Candesartan-hydrochlorothiazide is a combination of two medicines -- candesartan and hydrochlorothiazide. Candesartan is a newer type of blood pressure medicine known as an angiotensin II receptor blocker, or ARB for short. Candesartan blocks angiotensin II receptors, thus decreasing the effectiveness of a chemical known as angiotensin II, which normally causes blood vessels to narrow (constrict). By blocking the effects of angiotensin II, candesartan causes blood vessels to relax.
Hydrochlorothiazide is a diuretic, which is commonly referred to as a "water pill." It works by increasing the amount of salt and water the kidneys remove from the blood. This extra salt and water is passed out through the urine. By increasing the amount of water removed from the blood, hydrochlorothiazide causes a decrease in blood volume.

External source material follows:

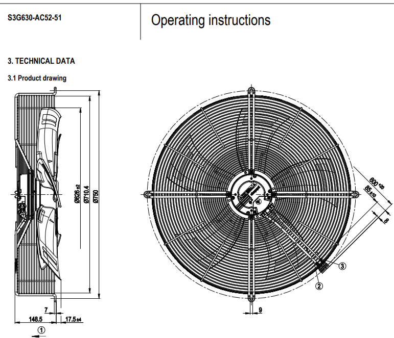 德國ebm全新S3G630-AC52-51軸流風(fēng)機(jī)規(guī)格圖

Because of the effects of both candesartan and hydrochlorothiazide, candesartan-hydrochlorothiazide can lower blood pressure. Because of its combined effects, candesartan-hydrochlorothiazide causes a greater drop in blood pressure than when either medicine is used alone.
Written by/reviewed by: Kristi Monson, PharmD;Arthur Schoenstadt, MD
Last reviewed by: KristiMonson, PharmD;
List of references (click here):
Atacand HCT [package insert]. Wilmington, DE: AstraZeneca LP;2012 March.
Food and Drug Administration, Center for Drug Evaluation and Research. Electronic orange book: approved drug products with therapeutic equivalence evaluations. FDA Web site. Available at: http://www.fda.gov/cder/ob/. Accessed December 14, 2012.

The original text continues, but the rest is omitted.